Наконец, час спустя, мокрые после душа, оставшиеся без завтрака, разбегаемся. Я – на тренировку, Анечка к себе, переодеваться.

А на мне, все равно, даже не смотря на шампунь и лосьон, ее запах, и воспоминания, от которых все внутри сжимается. И совесть мучает…

Первые три элемента выполняю с легкостью, можно сказать, играючи. Триксель, каскад с заглавным четверным лутцем, четверной флип. И на несколько секунд можно перевести дух, проходя первую дорожку. Как назло, в этот же миг боковым зрением ловлю у бортика рыжую головку с аккуратно упакованной в гульку огненной гривой. Танька...

Мы сталкиваемся буквально в дверях, в конце коридора, перед выходом на лед. Изумрудный взгляд, задорная улыбка... Которая мгновенно превращается в ехидную, едва она видит меня.

- Привет...

- Ах, Ланской, - с деланной жеманностью произносит она, - как прошла ночь?

- Хотел спросить тебя о том же, - тут же настраиваюсь на ее волну я.

- Довольна ли наша Анечка вашими талантами? - продолжает издеваться лиса. – Не переусердствовали ли?

Вроде бы шутка, и как бы все свои, слава богу, роднее некуда... Но ее слова ощущаются как беспощадная пощечина. Смотрю на Таньку с укоризной и удивлением.

Понимая, что перегнула, рыжая краснеет и сбавляет тон.

- Беги, Сержик, к Вахавне, а то она о вас двоих уже спрашивала, - говорит она со вздохом. – А я пойду Анечку из нирваны доставать...
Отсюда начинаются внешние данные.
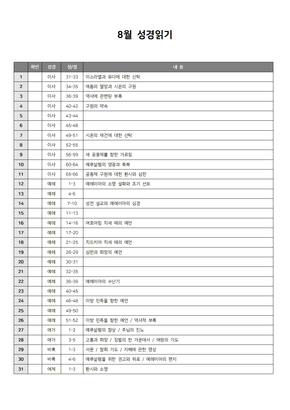 8월 성경읽기표
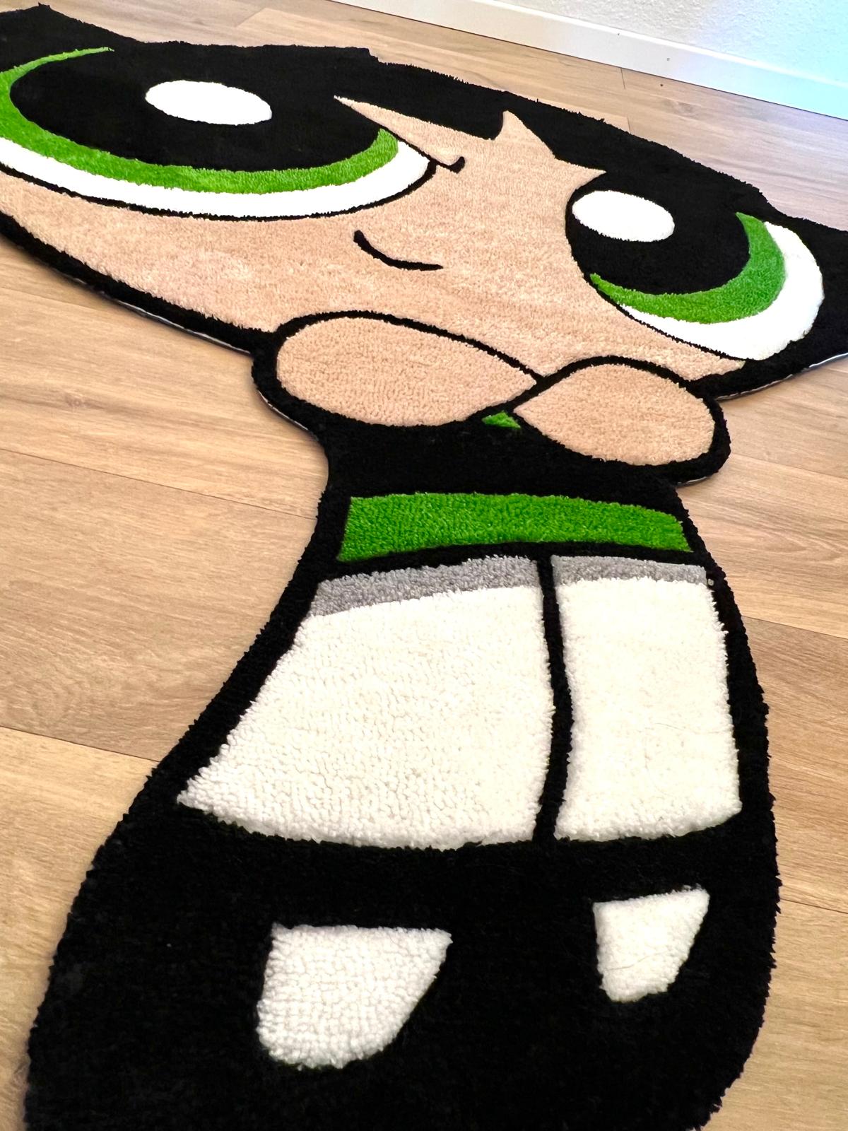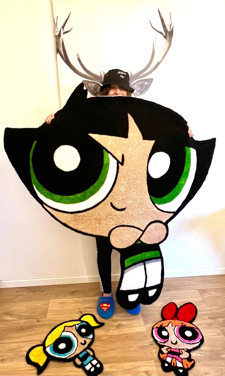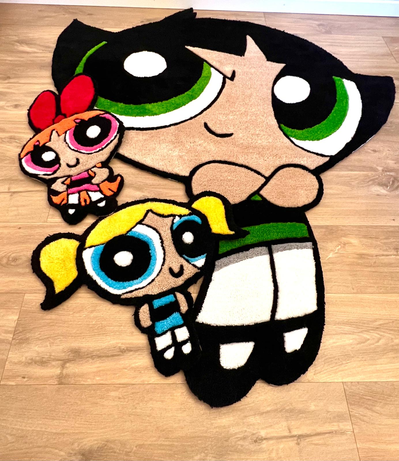 Custom handmade hand tufted Powerpuff Girl , Buttercap carpet, made with acrylic material. The bottom of the carpet is made of non-slip material.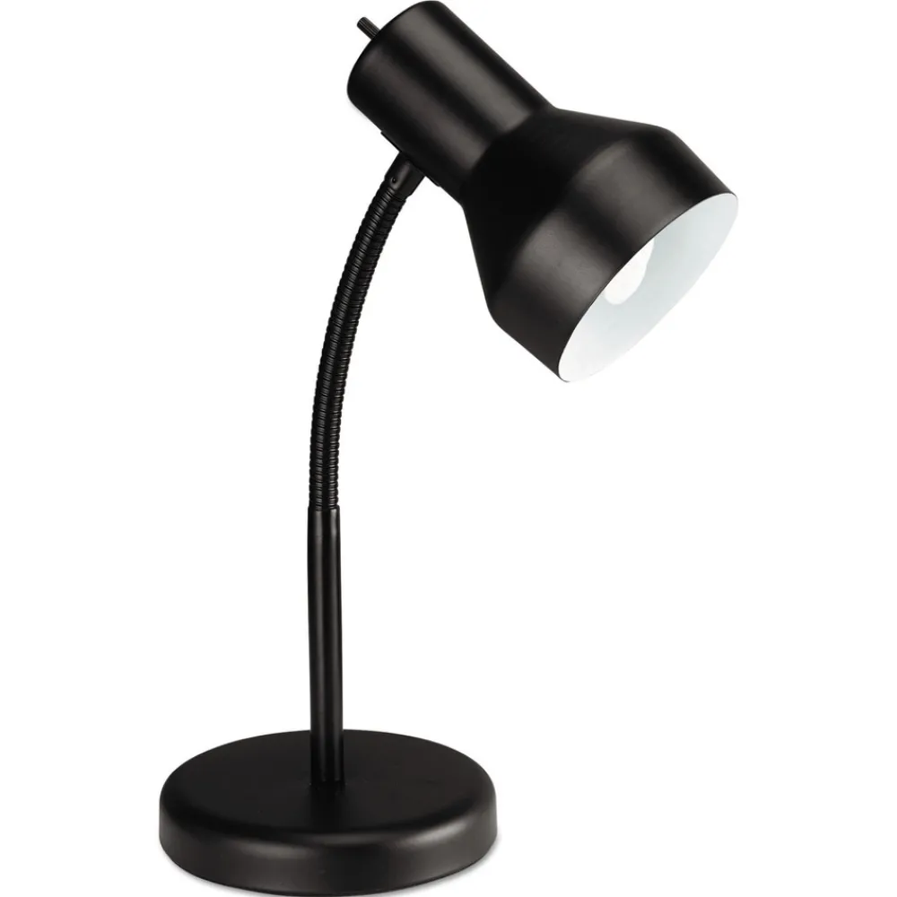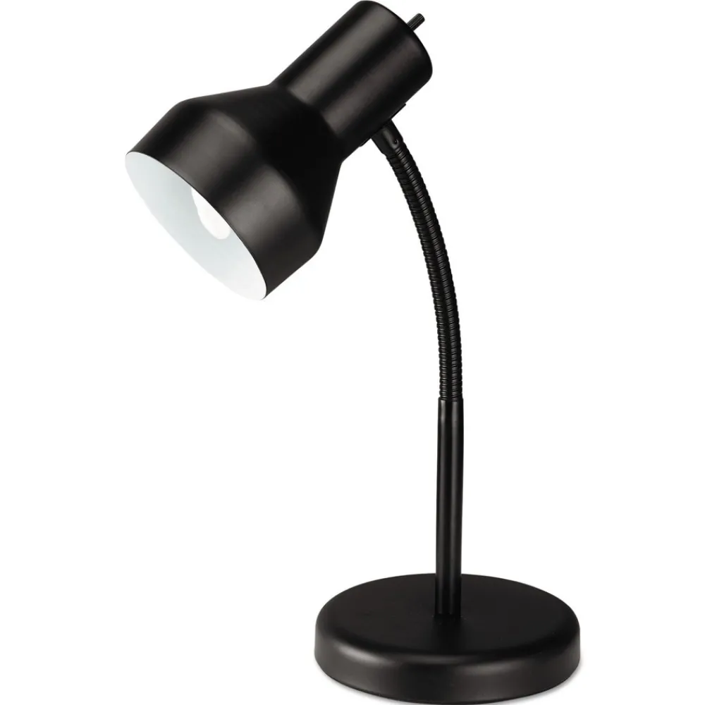 Make a smart, economical choice with these task lamps. Fully adjustable gooseneck arm to aim light where you need it most. Classic shade styling in matte black finish. Non-skid secure mounting clip or weighted-base options. Protective pads protect against surface marks or scratches. Rotary on/off switch conveniently located on base. Ideal for compact spaces. All metal construction for maximum durability. 13W CFL bulb is included.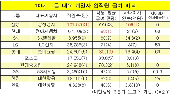 직원수는 삼성전자가 10만1천970명으로 가장 많았다. 현대차가 5만7천105명, LG전자가 3만5천286명으로 각각 2위와 3위에 올랐다.
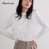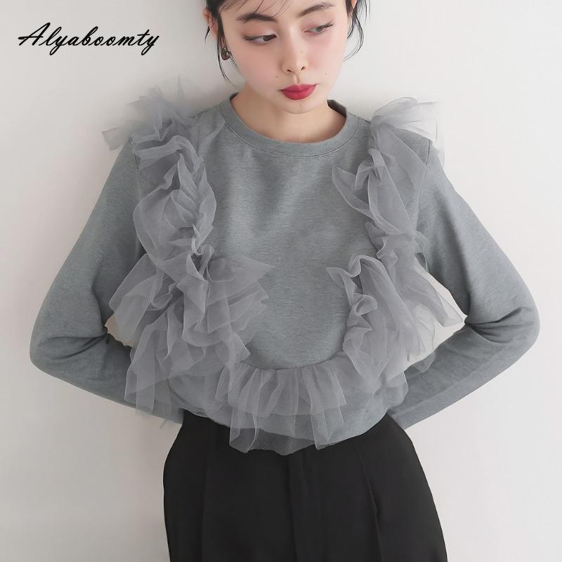 Korean Ulzzang Spring Autumn Women Streetwear Top O Neck White Gray Black Ruffles Patchwork T-Shirt Stylish Feminine Ladies' Tee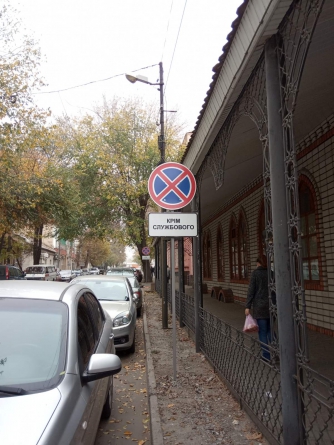 По нечетной стороне улицы такие знаки расположены сразу за перекрестком М. Грушевского и Интеркультурной, потом после выезда со двора казначейства, потом после выезда со двора мэрии. Возле каждого из знаков внизу расположена табличка "Крім службового" .

И, повернувшись ко мне спиной, она почти бегом скрывается за поворотом...

Тройной сальхоф. Проще простого. За ним четверной лутц и двойной аксель. Чередую ультра-си с базовыми элементами, чтобы не выдохнуться досрочно. Но чувствую, что предательская усталость уже подкрадывается со всех сторон. А еще не все…

Хореографическая дорожка…

И перед глазами Валентина…

Едва я выезжаю на лед, как балеринка догоняет меня и, нарезав вокруг перетяжками, останавливается передо мной и закручивается в медленном волчке. Так, чтобы я мог рассмотреть ее всю…

- Я тебе нравлюсь, скажи, нравлюсь? – шепчет она, просовывая свои ладони в мои и заглядывая мне в глаза.

От нее не отвести глаз. Она восхитительно прекрасна. Но меня коробит от ее детской непосредственности и совершенно недетского взгляда.